WORK TO BE COMPLETED =
Every line from the first record below down to the line that includes "Brewing coffee with" must be reproduced exactly; the pictures are not.

(Saved data entries)
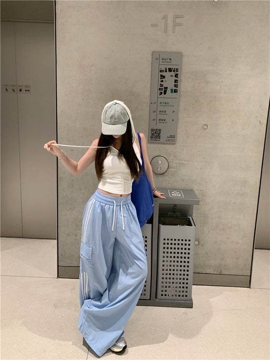 Aug. 運動日 淺藍抽繩可調口袋休閒褲 復古連帽挖背背心
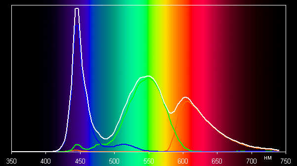 Спектры показывают, что светофильтры матрицы в умеренной степени подмешивают компоненты друг к другу:
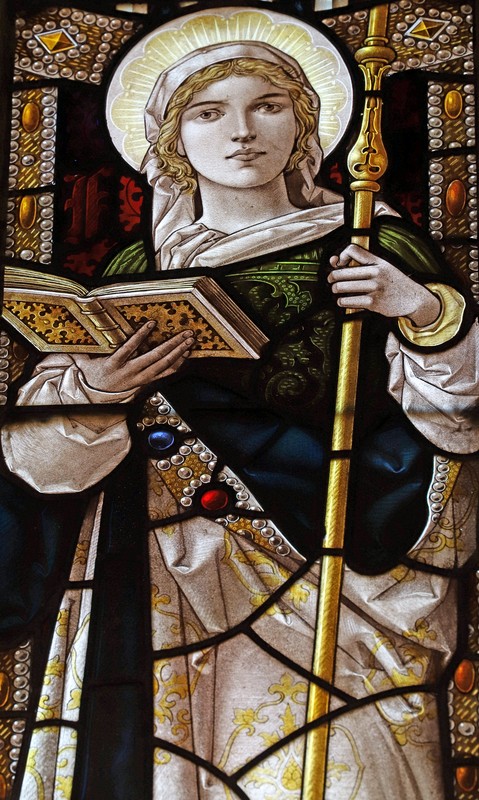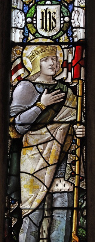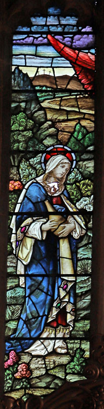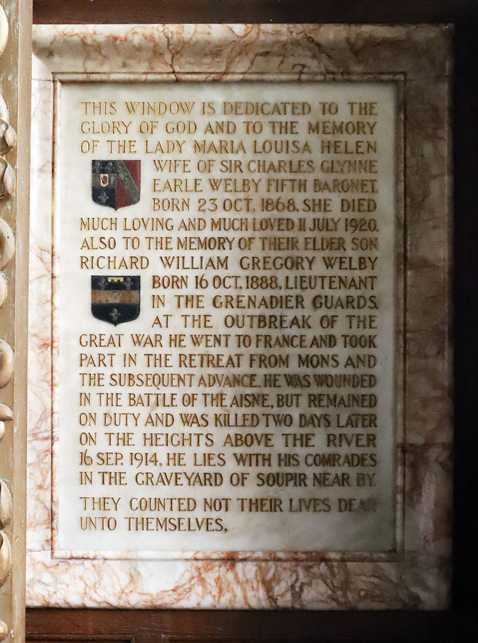 The window is a memorial to Lady Maria Welby who died 1920 and her son Richard a casualty of the First World War. Lt. Welby of the 2nd Grenadier Guards took part in the retreat from Mons, and was killed in action at Cour de Soupir, the battle of Aisne 16 September 1914. He is buried in Soupir churchyard near Yailly on the Aisne. More here. The window was donated by Sir Charles Glynne Earle Welby and was installed circa 1924/5.2
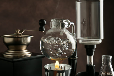 Brewing coffee with a siphon in a cozy cafe during the morning
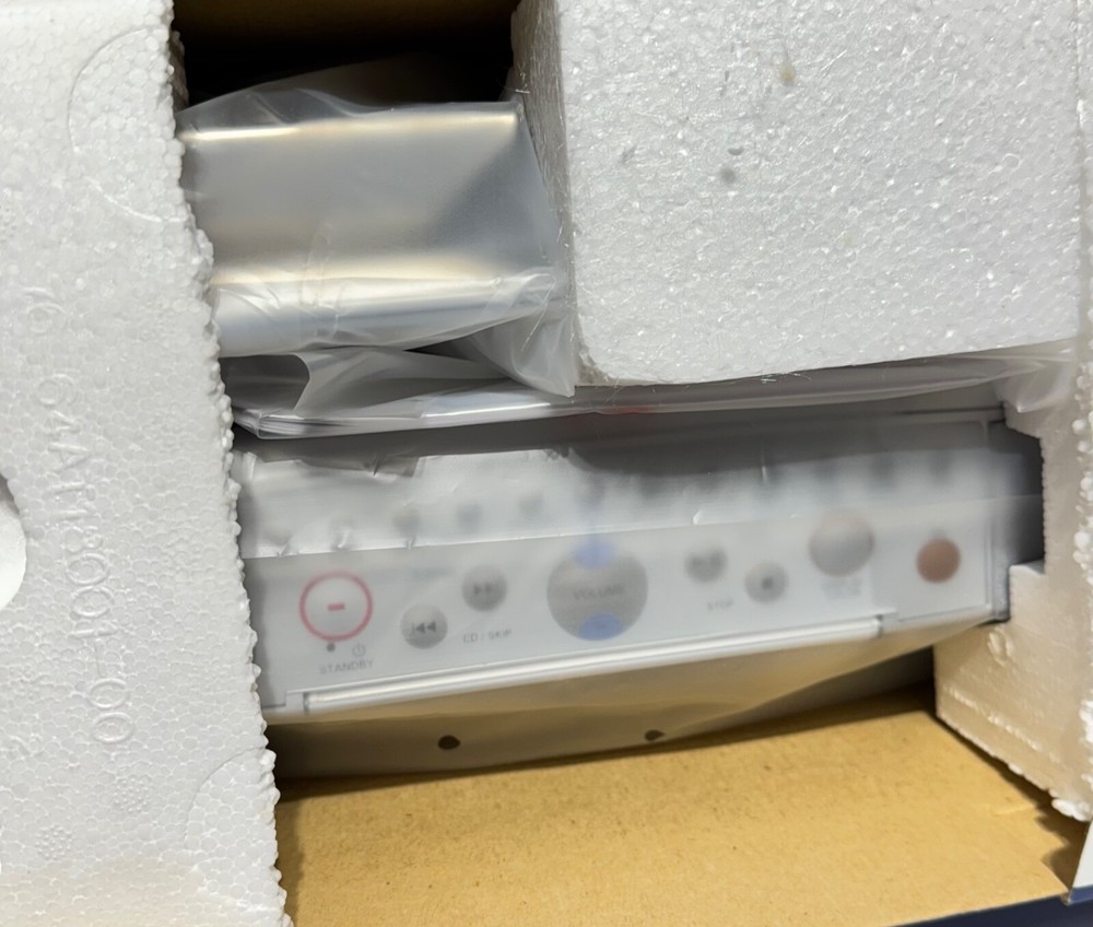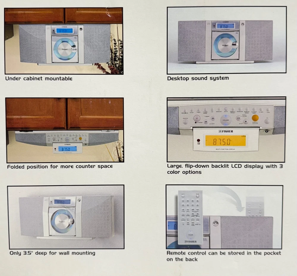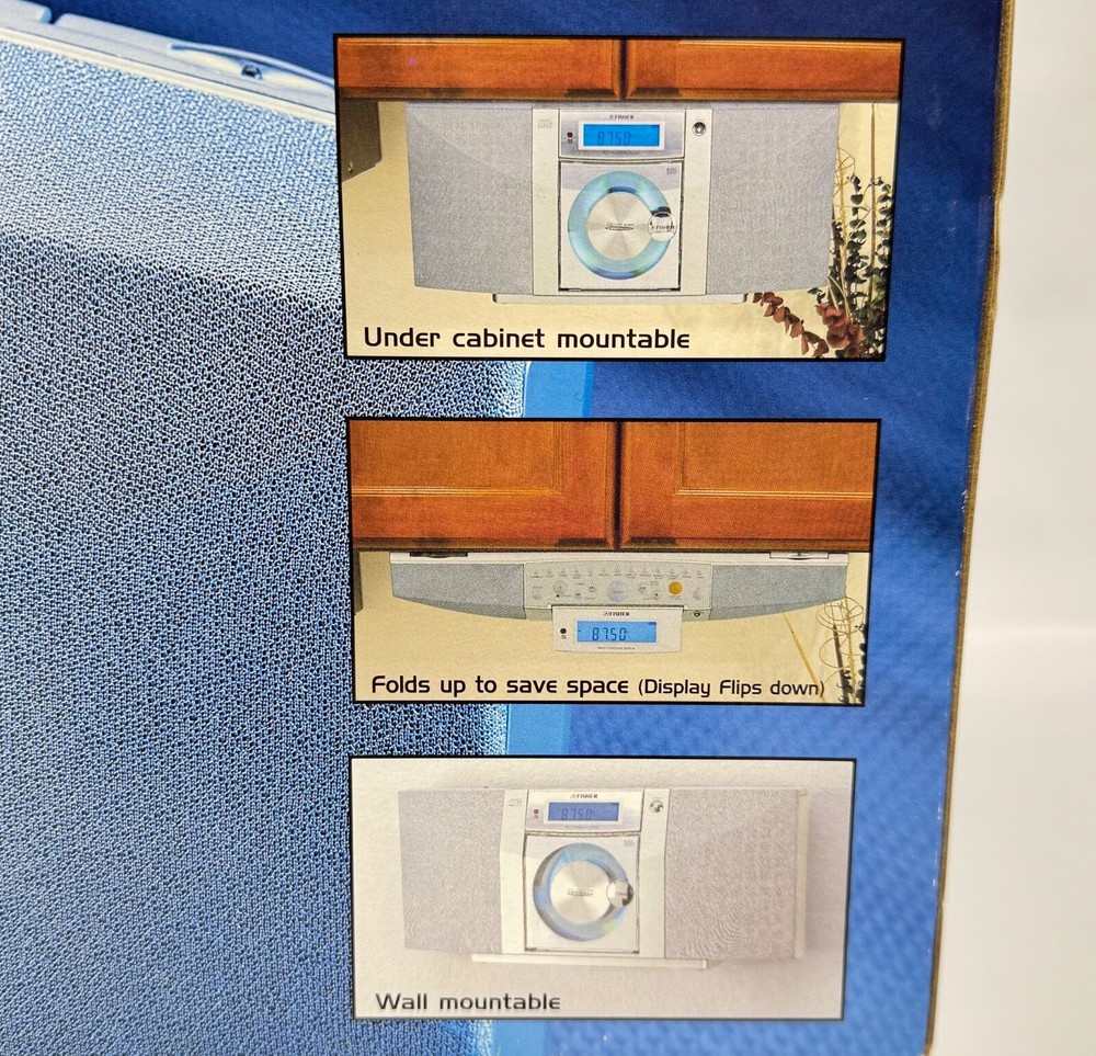 * New in box. All pieces and manual have never been removed from their factory sealed plastic wrap. Year of manufacture unknown. * Stereo can mounted under-cabinet, on a wall or simply sit on a desktop. * Box has wear and some light water stains with no effect on contents. See all photos. * Ships USPS Ground Advantage for free within one business day. * Thank you for looking and if you have any questions, please message me.
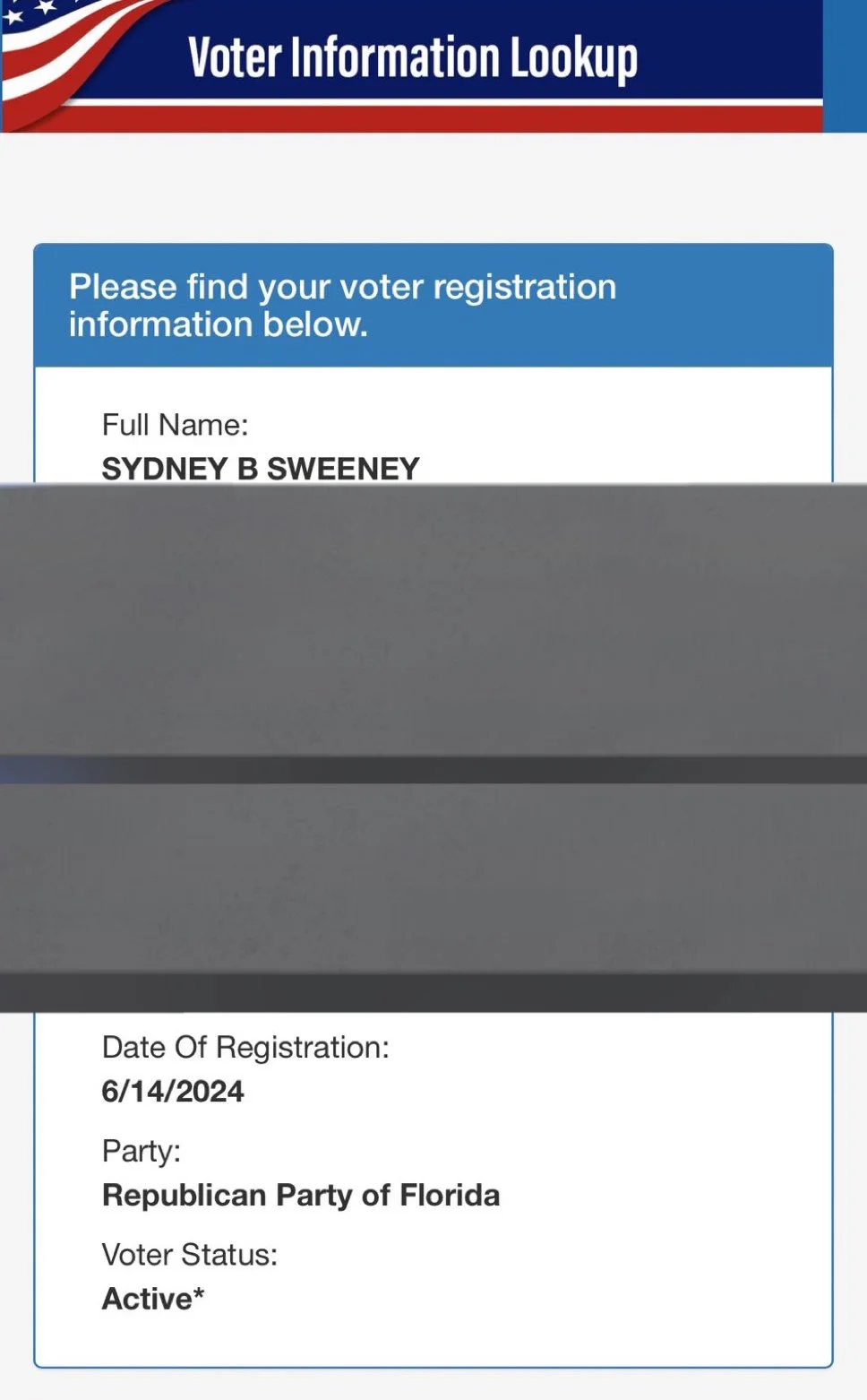 悉尼妹 Sydney Sweeney 被网友扒出自2024年起就在佛罗里达州登记为共和党人
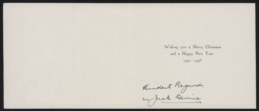 Christmas card from 2nd New Zealand Expeditionary Force, Middle East. The inscription reads: "Wishing you a Merry Christmas and a Happy New Year. 1942-1943. Kindest Regards. Jack Devine". The illustration on the front is by Peter McIntyre.
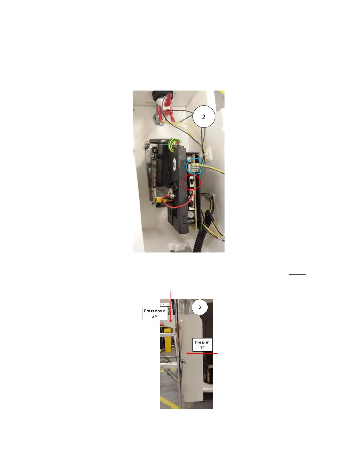 - Make sure the coin mech wires inside the button assembly shown in②. The wire connection
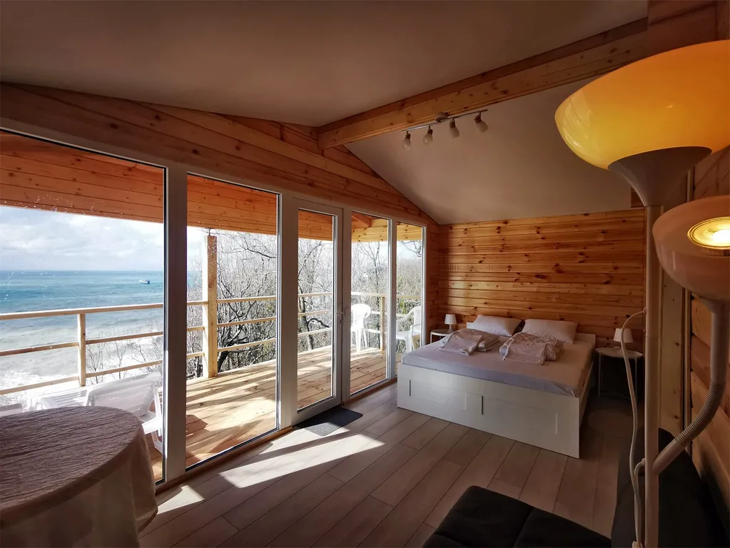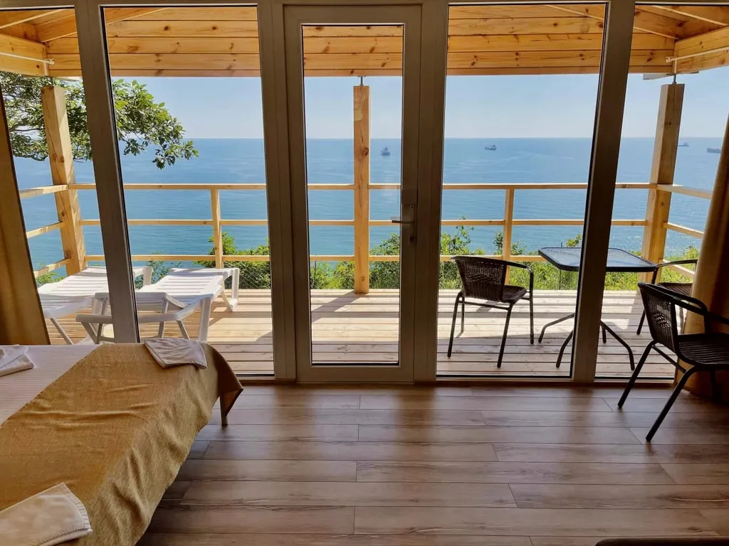 Отдельный дом для 2 - 4 гостей с видом на море с высоты 77 метров, террасой, санузлом и кухней.
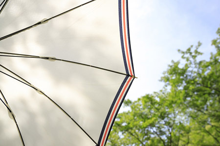 日傘の能力は想像以上に高く、日傘があるのとないのとでは約20度も表面温度が変わるといわれている。最近の猛暑の中で熱中症を予防するのに効果的なアイテムといえるだろう。
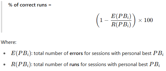 | PB (sec) | Errors | Runs | % Correct Runs |
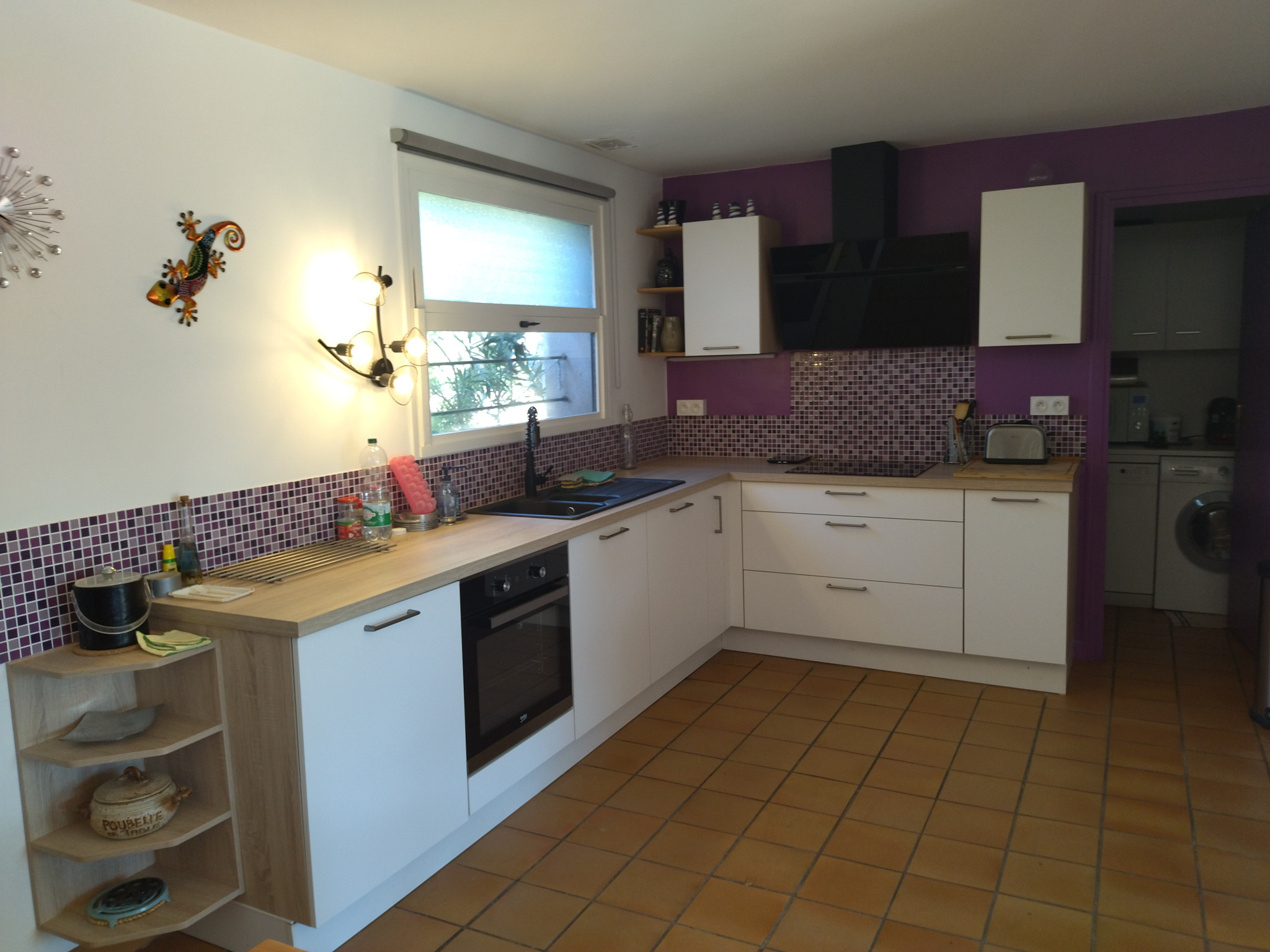 Entrée, séjour cheminée de 38m², cuisine ouverte aménagée équipée, bureau, 3 belles chambres, salle d'eaurécente, wc indépendant avec lave mains.

ANSWER =
 Aug. 運動日 淺藍抽繩可調口袋休閒褲 復古連帽挖背背心
 Спектры показывают, что светофильтры матрицы в умеренной степени подмешивают компоненты друг к другу:
 The window is a memorial to Lady Maria Welby who died 1920 and her son Richard a casualty of the First World War. Lt. Welby of the 2nd Grenadier Guards took part in the retreat from Mons, and was killed in action at Cour de Soupir, the battle of Aisne 16 September 1914. He is buried in Soupir churchyard near Yailly on the Aisne. More here. The window was donated by Sir Charles Glynne Earle Welby and was installed circa 1924/5.2
 Brewing coffee with a siphon in a cozy cafe during the morning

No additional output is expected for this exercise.